Valerio is very old school.  He had always eschewed modern harvesting techniques in favor of picking olives by hand...the old fashioned way.

But last year one of his friends who was helping with the harvest fell out of a tree and broke his leg.













...so this year, his wife Tina used a mechanical vibrating pitchfork to shake the olives out of the trees.


















When we finished the first tree, things looked a bit sparse.

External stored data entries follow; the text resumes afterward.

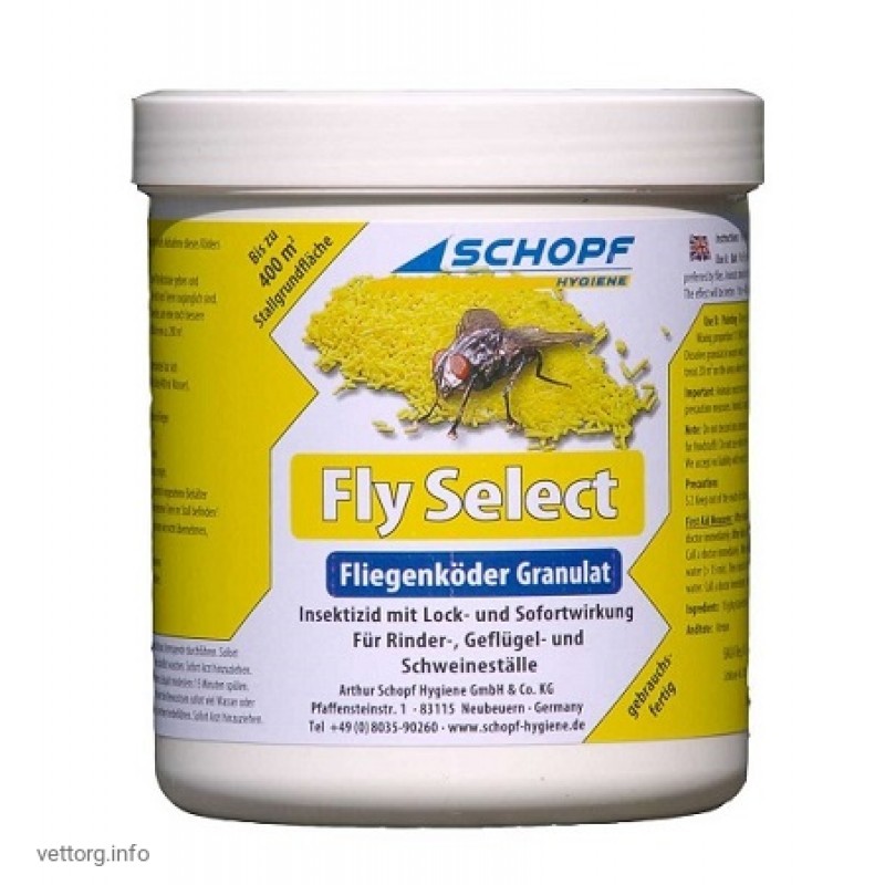 Флай селект фінал гранульована приманка жовтого кольору для знищення дорослих мух. Володіє високою привабливою активністю для мух за допомогою цукру і спеціального феромону (Z)-9-трикозену. Активний інгредієнт імідаклоприд, що належить до групи нео-никотиноїдів, впливає на центральну нервову систему комах і викликає порушення в передачі нервових імпульсів. Це веде до надійного і цілеспрямованого знищення мух. Флай селект фінал містить гірку речовину, яка запобігає випадковому проковтуванню нецільовими тваринами і дітьми.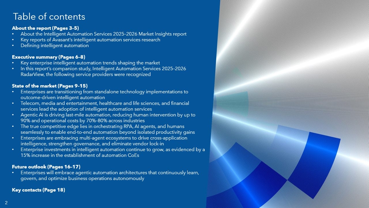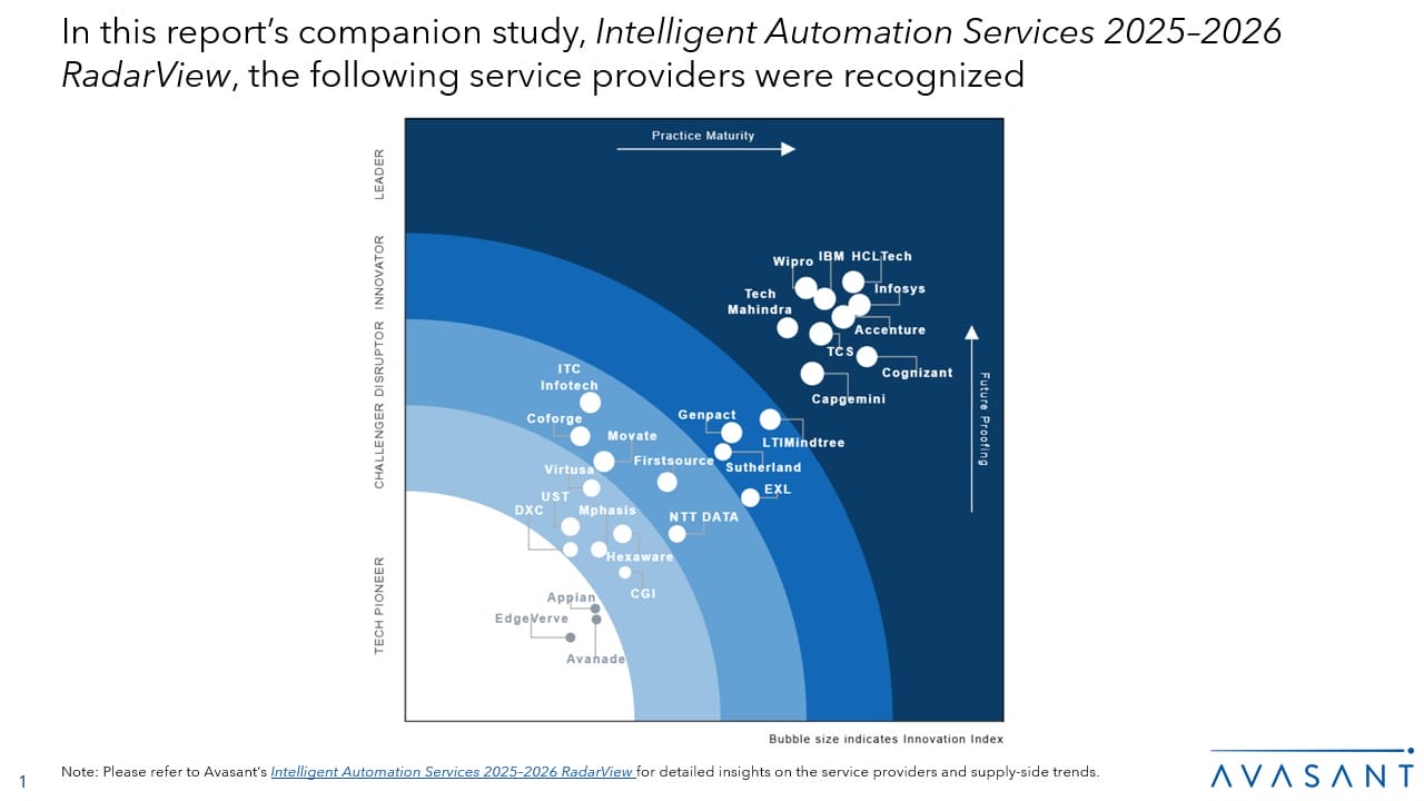 Read the Research Byte based on this report. Please refer to Avasant’s Intelligent Automation Services 2025–2026 RadarView™ for detailed insights on the service providers and supply-side trends.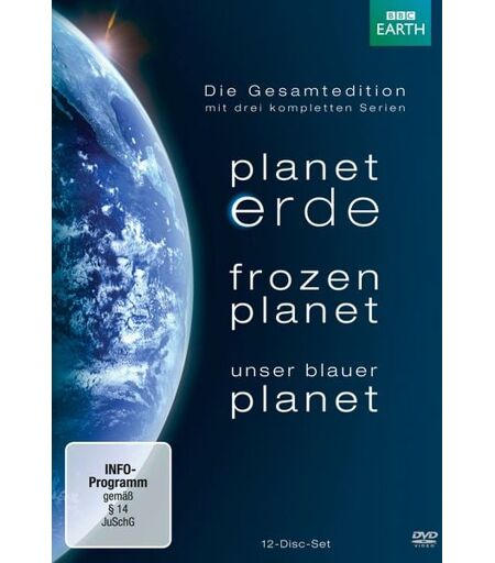 "Drei der spektakulärsten BBC-Naturdokumentationen erstmals in einer Premium-Collection! Die größte Expedition aller Zeiten führt zu den atemberaubendsten Naturlandschaften unseres Planeten. Das Premium-Box-Set enthält die komplette 11-teilige Serie ""Planet Erde"", die komplette 7-teilige Serie ""Frozen Planet - Eisige Welten"" sowie die komplette 8-teilige Serie ""Unser Blauer Planet"". Unvergleichliche Bilder, faszinierende Naturräume, unglaubliche Verhaltensweisen von Tieren und spektakuläre Aufnahmen - nach dieser Doku-Reihe werden Sie unseren Planeten mit anderen Augen wahrnehmen! In 11 Folgen zeigt ""Planet Erde"" die großen Lebensräume der Erde. In 7 Folgen erforscht ""Frozen Planet - Eisige Welten"" die Tier- und Naturwelten der Polarregionen und in 8 Folgen enthüllt ""Unser Blauer Planet"" die Geheimnisse der Ozeane." ...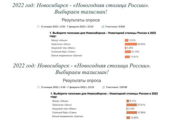 В итоге милое вроде бы мероприятие превратилось в свару. В результате Новосибирский зоопарк, животные которого стали заложниками всего этого, заявил: «Негативный характер происходящего к финалу не вызывает сомнений. Новосибирский зоопарк не заинтересован в таком внимании к нашим питомцам, нам не по душе создание оскорбительных мемов, поэтому мы просим остановить опрос и не учитывать его результаты».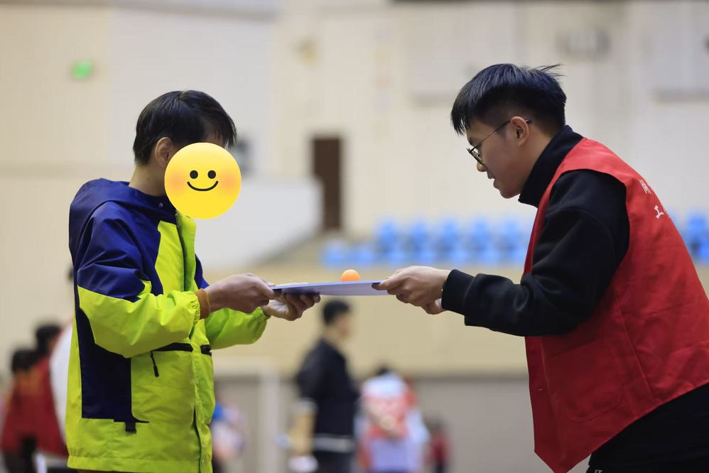 大学生志愿者与福利院儿童开展一对一结对活动,并共同组队参加趣味运动会项目。个人项目“定点保龄球”、“投壶”与“神投手”注重儿童个体能力展示,孩子们在鼓励中踊跃参与;集体项目“飞运乒乓”强调团队协作,传递快乐与友谊;压轴项目“拔河”将气氛推向高潮,展现出“完成即胜利”的参与精神。颁奖仪式上,吕玲玲副院长颁发“阳光全能之星”“活力四射之星”“团结协作之星”“坚韧拼搏之星”等荣誉奖牌,并赠送纪念礼品,孩子们登上领奖台,喜悦之情溢于言表。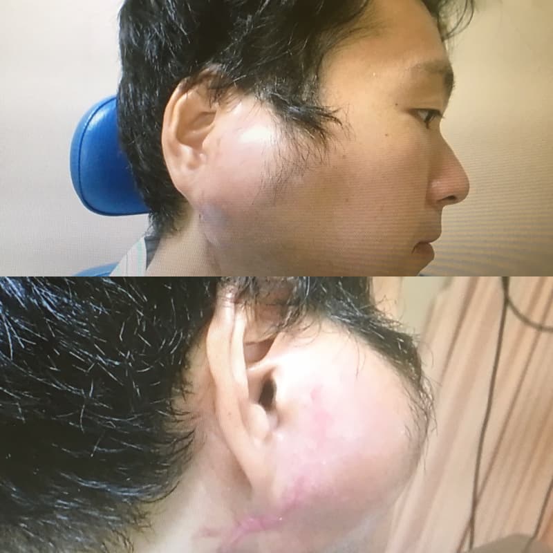ここまで腫れ上がると、腫瘍そのものの痛みの他に神経圧迫による痛み、腫瘍の方に顔の皮膚や筋肉が引っ張られて顔が動かなくなってきてました?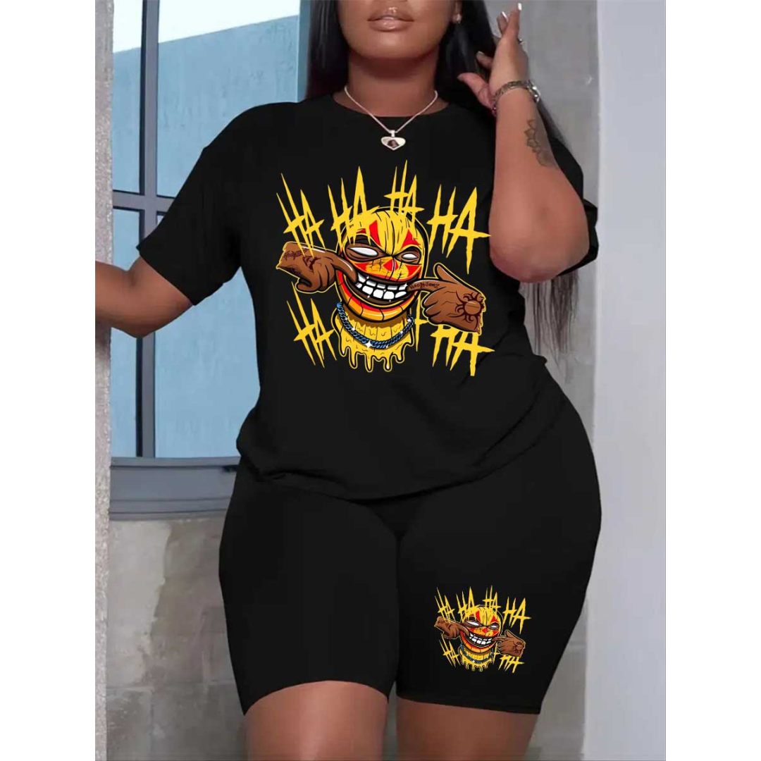 LW Plus Size Pattern Cartoon Print Skinny Shorts Set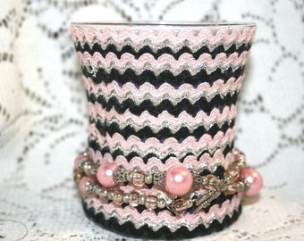 Soy Wax Hourglass Candle, Embellished, YOUR SCENT CHOICE, Pink & Black RickRack, Bracelet, HourGlass Girls Collectiion, Handmade Hand Poured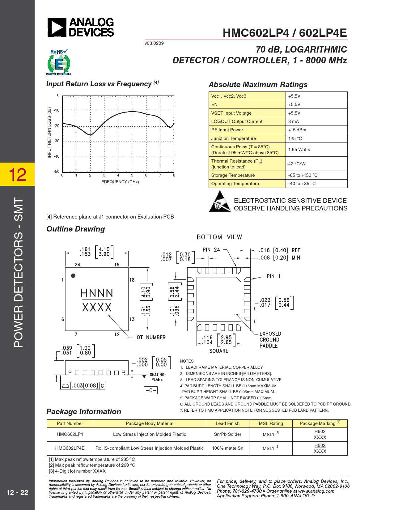 7. REFER TO HMC APPLICATION NOTE FOR SUGGESTED PCB LAND PATTERN. Part Number Package Body Material Lead Finish MSL Rating Package Marking [3] [1] H602 HMC602LP4 Low Stress Injection Molded Plastic Sn/Pb Solder MSL1 XXXX [2] H602 HMC602LP4E RoHS-compliant Low Stress Injection Molded Plastic 100% matte Sn MSL1 XXXX [1] Max peak refl ow temperature of 235 °C [2] Max peak refl ow temperature of 260 °C [3] 4-Digit lot number XXXX Information furnis F heod r pri by An ce, de alog Devi lcievs eir s y b , a eliev nd to pla ed to be accu ce o rate anrder d relia sbl, pl e. H ease co owever, no For price, delivery, and to place orders: Analog Devices, Inc., responsibility is assumed by Analog Devices for its use, nor for any infringements of patents or other ntact Hittite Microwave Corporation: One Technology Way, P.O. Box 9106, Norwood, MA 02062-9106 20 Alpha Road, Chelmsford, MA 01824 Phone: 978 rights of third parties that may result from its use. Specifications subject to change without notice. No Ph - o 25 ne 0 : 7 -3 81- 3 3 4 29 3 F -470 ax: 978 0 • Orde - r o 25 nlin 0- e a3 t 373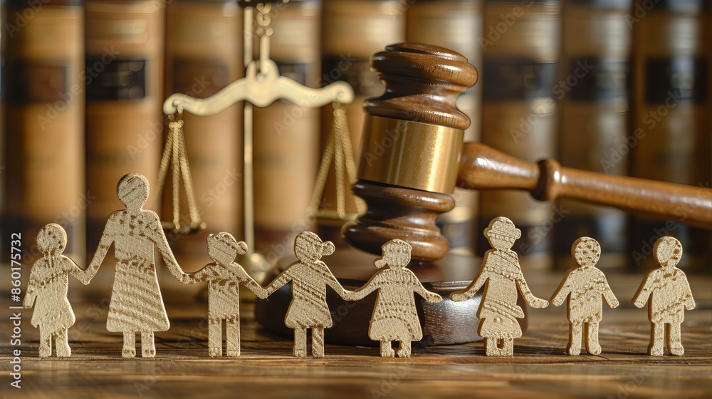 Divorce proceedings in court, where a judge's gavel separates a family. #860175732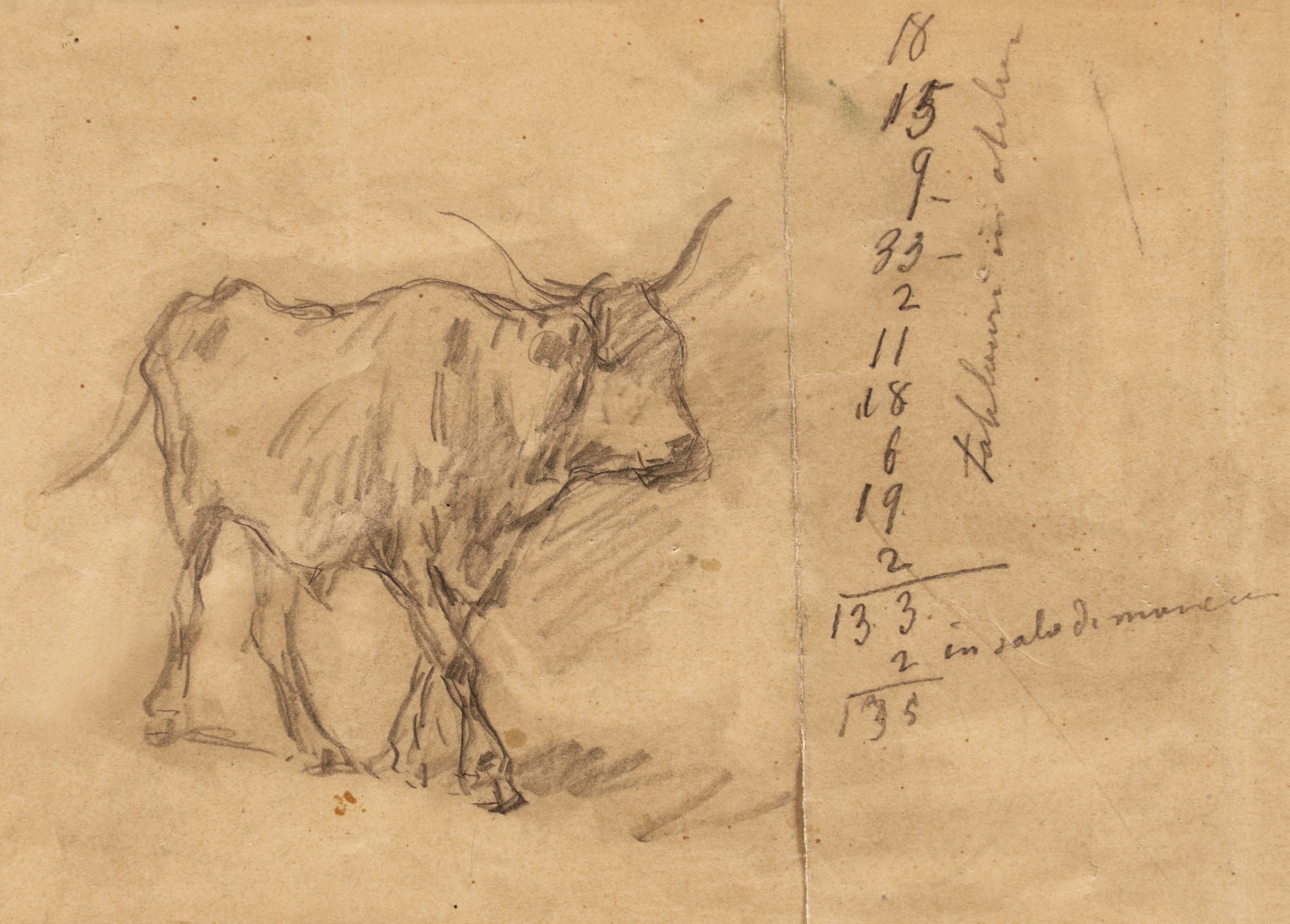 Pe lângă ineditul desen-studiu de animal, hârtia pe care se regăsește studiul cuprinde și notițe de inventar ale lui Nicolae Grigorescu. Descoperim o listare a unor lucrări aflate în atelier, cât și menționarea unor opere expuse, transformând hârtia de față într-o dublă însemnătate, un studiu preliminar pentru celebrii boi ai lui Grigorescu, cât și un document de epocă ieșit din mâna pictorului. În plus, pe recto regăsim unul dintre studiile rapide, în creion, pentru una dintre cele mai complexe scene create de Grigorescu și anume "Nunta țărănească". Nevoia acestor schițe în creion era evidentă pentru un pictor care încerca să surprindă în câteva tușe lumina, mișcarea sau starea personajelor, chiar dacă pictura era finalizată în atelier.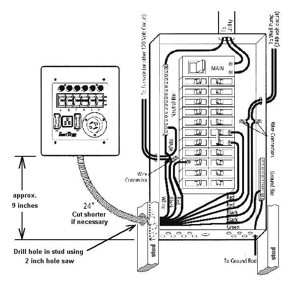 | 4. | Then put a 2 inch hole saw on your drill and reach down into the wall through the hole you cut for the Gen/Tran unit. Using the 1/4 inch hole as a guide hole drill a 2 inch hole back through the stud and stop when reaching the metal side of your load center box. |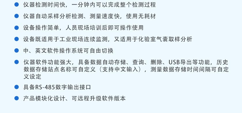 針對國內外環保在線監測分析自主研發的氣體分析產品,該分析儀基于紫外差分吸收光譜技術(DOAS)、NDIR非分光紅外技術和電化學技術,能夠測量HC、SO2、NO、NO2、CO、CO2、O2等氣體濃度。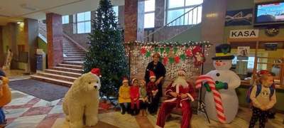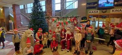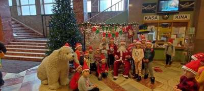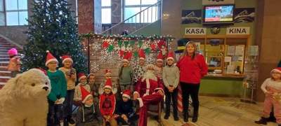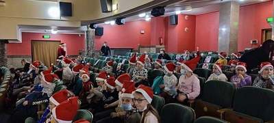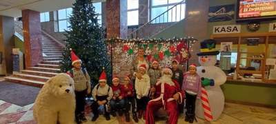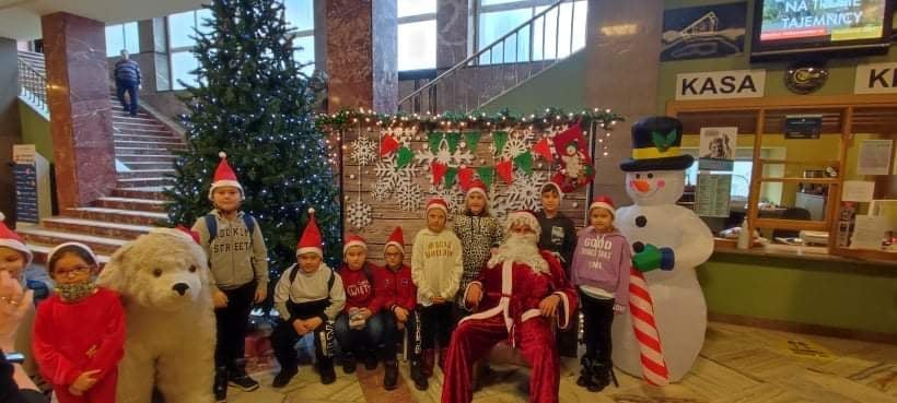 Najmłodsi uczniowie naszej szkoły wraz z wychowawcami: p. J. Staciwą, E. Pakułą, A. Dymińską oraz J. Ściegienną w dniu 6.12.2021 r. wybrali się na mikołajkowy seans filmowy. W ramach programu "Świętokrzyska Akademia Filmowa" już kolejny raz odwiedzili Wojewódzki Dom Kultury w Kielcach i znajdujące się tam kino "Fenomen". Miłą niespodzianką okazał się sam Mikołaj, który już na wejściu powitał dzieci z naszej szkoły i na specjalnie przygotowanej ściance można było sobie zrobić z nim zdjęcia. Zgodnie z tradycją podarował wszystkim drobne upominki- mikołajową czapkę oraz słodką zawieszkę na choinkę. Zafascynowane dzieci z niecierpliwością udały się na salę kinową, gdzie odbył się pokaz filmu pt. " Mikołaj w każdym z nas 2". Obraz ten okazał się bardzo ciekawy, a co najważniejsze- wprowadził widzów w magiczną atmosferę nadchodzących świąt Bożego Narodzenia!

Three years ago, this net would have been covered with a plush carpet of olives.







Three years ago, the harvest from one mature tree would have filled this tub.



This year...take a look for yourself.


Seventy-five kilometers north of us, near Florence, our friends Brett and Piero got no oil at all from their trees.












Harvesting olives is not rocket science...which is why Valerio allows Roger to help.




















Much more tricky is laying the nets out on the steep hillsides in a way that keeps the olives from rolling off.













Black olives, the mature ones, produce the most oil.  But the green ones give the fresh oil a sharp peppery taste unlike anything you can find in the best gourmet food shop.





In three days of work, we harvested 440 lbs of olives.

They went to the press in nearby Castelmuzio...







...and the next day emerged as 35 liters of fresh oil.



A harvest much smaller than hoped for.



Enough to keep Valerio's family in oil for the year, but none of the normal surplus to trade for wine or meat.











And Carol can attest, there's nothing like the taste of fresh-pressed Tuscan olive oil.


The Tuscan model for making olive oil would never work in the United States.  In the states, some big firm would buy the entire olive harvest from all the small farmers in the area, mix all the olives together to produce an oil with consistent flavor, then market it under its own brand.





Even for Valerio, producing his own olive oil makes no economic sense.


He could buy 35 liters of cold-pressed, extra virgin, premium olive oil for far less money than three days of lost business in his leather shop, plus tool rental and processing costs.


So Roger asked him why he did it.

He said, "Wealth is not the amount of money you have in the bank but the richness of your life."